>>>>

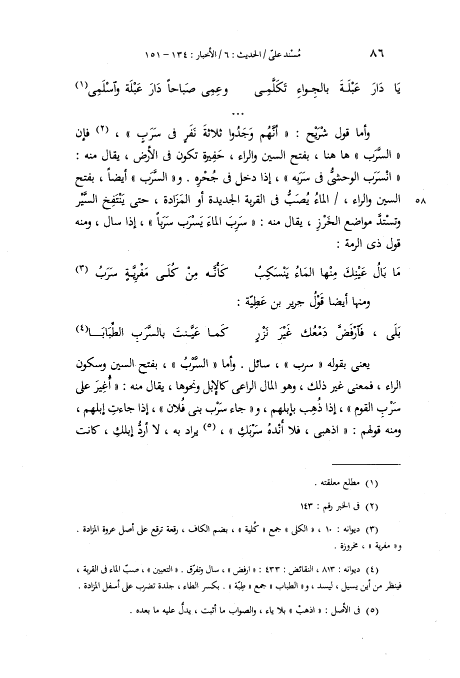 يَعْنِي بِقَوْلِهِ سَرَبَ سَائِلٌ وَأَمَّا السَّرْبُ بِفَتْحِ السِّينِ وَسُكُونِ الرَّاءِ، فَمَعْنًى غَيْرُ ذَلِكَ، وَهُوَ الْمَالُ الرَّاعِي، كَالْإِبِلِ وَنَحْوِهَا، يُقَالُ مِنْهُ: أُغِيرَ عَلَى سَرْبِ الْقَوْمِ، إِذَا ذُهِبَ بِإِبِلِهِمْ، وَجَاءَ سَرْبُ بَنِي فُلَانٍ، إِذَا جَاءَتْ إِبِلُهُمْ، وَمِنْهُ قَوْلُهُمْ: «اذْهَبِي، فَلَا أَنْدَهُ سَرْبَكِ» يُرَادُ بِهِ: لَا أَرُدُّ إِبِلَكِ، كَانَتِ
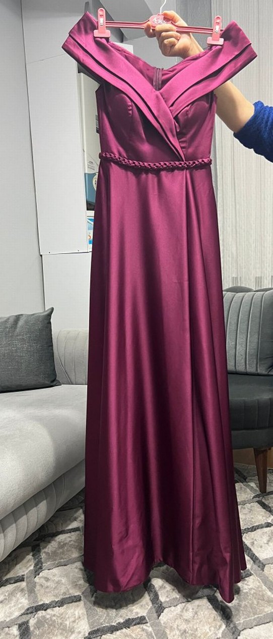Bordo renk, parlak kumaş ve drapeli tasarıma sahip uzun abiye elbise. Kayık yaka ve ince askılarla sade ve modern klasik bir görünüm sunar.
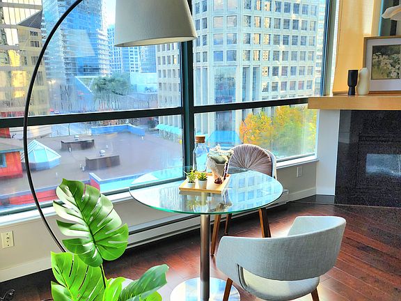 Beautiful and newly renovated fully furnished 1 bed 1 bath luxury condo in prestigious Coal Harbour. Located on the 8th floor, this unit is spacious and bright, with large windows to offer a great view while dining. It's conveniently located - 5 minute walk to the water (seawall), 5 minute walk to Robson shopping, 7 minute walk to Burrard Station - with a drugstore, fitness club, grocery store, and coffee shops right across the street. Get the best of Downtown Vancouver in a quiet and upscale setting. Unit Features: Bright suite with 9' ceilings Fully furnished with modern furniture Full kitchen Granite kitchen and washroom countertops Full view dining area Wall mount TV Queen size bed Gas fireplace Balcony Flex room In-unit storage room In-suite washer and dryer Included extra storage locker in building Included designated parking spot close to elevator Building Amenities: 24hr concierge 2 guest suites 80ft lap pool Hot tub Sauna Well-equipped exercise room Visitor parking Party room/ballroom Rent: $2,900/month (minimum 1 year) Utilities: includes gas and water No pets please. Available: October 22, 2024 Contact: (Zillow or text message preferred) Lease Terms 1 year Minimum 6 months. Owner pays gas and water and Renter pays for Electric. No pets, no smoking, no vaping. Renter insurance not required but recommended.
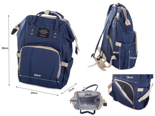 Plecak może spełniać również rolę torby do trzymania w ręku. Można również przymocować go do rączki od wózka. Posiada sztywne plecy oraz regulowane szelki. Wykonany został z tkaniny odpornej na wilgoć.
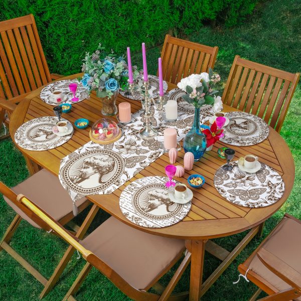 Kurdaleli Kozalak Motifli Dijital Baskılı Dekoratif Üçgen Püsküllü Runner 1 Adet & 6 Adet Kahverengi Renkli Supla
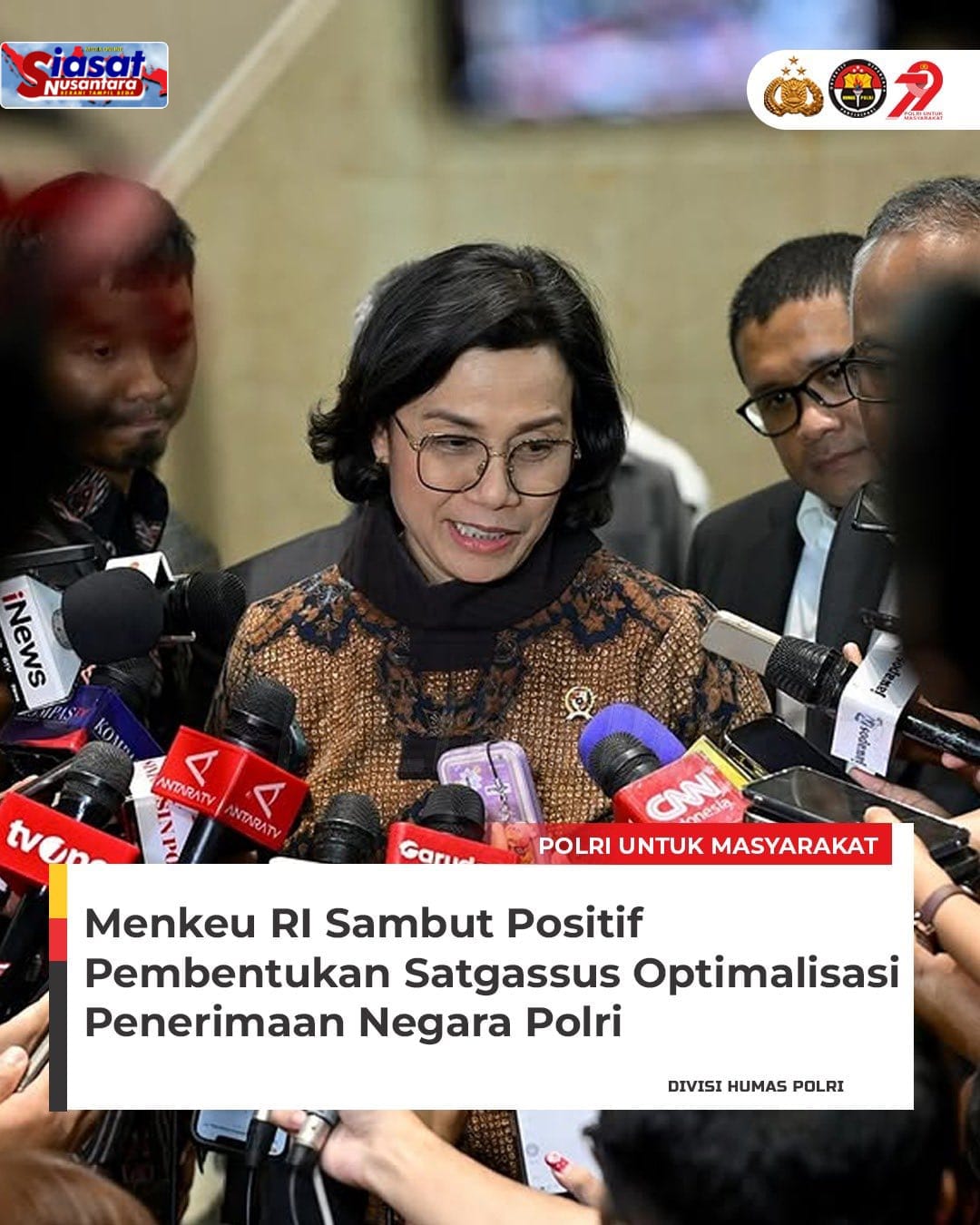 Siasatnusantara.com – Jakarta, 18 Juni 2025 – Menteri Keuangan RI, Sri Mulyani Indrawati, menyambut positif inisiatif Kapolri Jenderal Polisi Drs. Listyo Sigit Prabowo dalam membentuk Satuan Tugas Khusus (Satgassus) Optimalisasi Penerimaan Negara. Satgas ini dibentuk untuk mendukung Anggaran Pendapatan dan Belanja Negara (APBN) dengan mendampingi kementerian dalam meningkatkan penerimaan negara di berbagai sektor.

<<<<

Work to complete:
Leave the pictures out and output the rest of the data word for word.

Written response:
 يَعْنِي بِقَوْلِهِ سَرَبَ سَائِلٌ وَأَمَّا السَّرْبُ بِفَتْحِ السِّينِ وَسُكُونِ الرَّاءِ، فَمَعْنًى غَيْرُ ذَلِكَ، وَهُوَ الْمَالُ الرَّاعِي، كَالْإِبِلِ وَنَحْوِهَا، يُقَالُ مِنْهُ: أُغِيرَ عَلَى سَرْبِ الْقَوْمِ، إِذَا ذُهِبَ بِإِبِلِهِمْ، وَجَاءَ سَرْبُ بَنِي فُلَانٍ، إِذَا جَاءَتْ إِبِلُهُمْ، وَمِنْهُ قَوْلُهُمْ: «اذْهَبِي، فَلَا أَنْدَهُ سَرْبَكِ» يُرَادُ بِهِ: لَا أَرُدُّ إِبِلَكِ، كَانَتِ
Bordo renk, parlak kumaş ve drapeli tasarıma sahip uzun abiye elbise. Kayık yaka ve ince askılarla sade ve modern klasik bir görünüm sunar.
 Beautiful and newly renovated fully furnished 1 bed 1 bath luxury condo in prestigious Coal Harbour. Located on the 8th floor, this unit is spacious and bright, with large windows to offer a great view while dining. It's conveniently located - 5 minute walk to the water (seawall), 5 minute walk to Robson shopping, 7 minute walk to Burrard Station - with a drugstore, fitness club, grocery store, and coffee shops right across the street. Get the best of Downtown Vancouver in a quiet and upscale setting. Unit Features: Bright suite with 9' ceilings Fully furnished with modern furniture Full kitchen Granite kitchen and washroom countertops Full view dining area Wall mount TV Queen size bed Gas fireplace Balcony Flex room In-unit storage room In-suite washer and dryer Included extra storage locker in building Included designated parking spot close to elevator Building Amenities: 24hr concierge 2 guest suites 80ft lap pool Hot tub Sauna Well-equipped exercise room Visitor parking Party room/ballroom Rent: $2,900/month (minimum 1 year) Utilities: includes gas and water No pets please. Available: October 22, 2024 Contact: (Zillow or text message preferred) Lease Terms 1 year Minimum 6 months. Owner pays gas and water and Renter pays for Electric. No pets, no smoking, no vaping. Renter insurance not required but recommended.
 Plecak może spełniać również rolę torby do trzymania w ręku. Można również przymocować go do rączki od wózka. Posiada sztywne plecy oraz regulowane szelki. Wykonany został z tkaniny odpornej na wilgoć.
 Kurdaleli Kozalak Motifli Dijital Baskılı Dekoratif Üçgen Püsküllü Runner 1 Adet & 6 Adet Kahverengi Renkli Supla
 Siasatnusantara.com – Jakarta, 18 Juni 2025 – Menteri Keuangan RI, Sri Mulyani Indrawati, menyambut positif inisiatif Kapolri Jenderal Polisi Drs. Listyo Sigit Prabowo dalam membentuk Satuan Tugas Khusus (Satgassus) Optimalisasi Penerimaan Negara. Satgas ini dibentuk untuk mendukung Anggaran Pendapatan dan Belanja Negara (APBN) dengan mendampingi kementerian dalam meningkatkan penerimaan negara di berbagai sektor.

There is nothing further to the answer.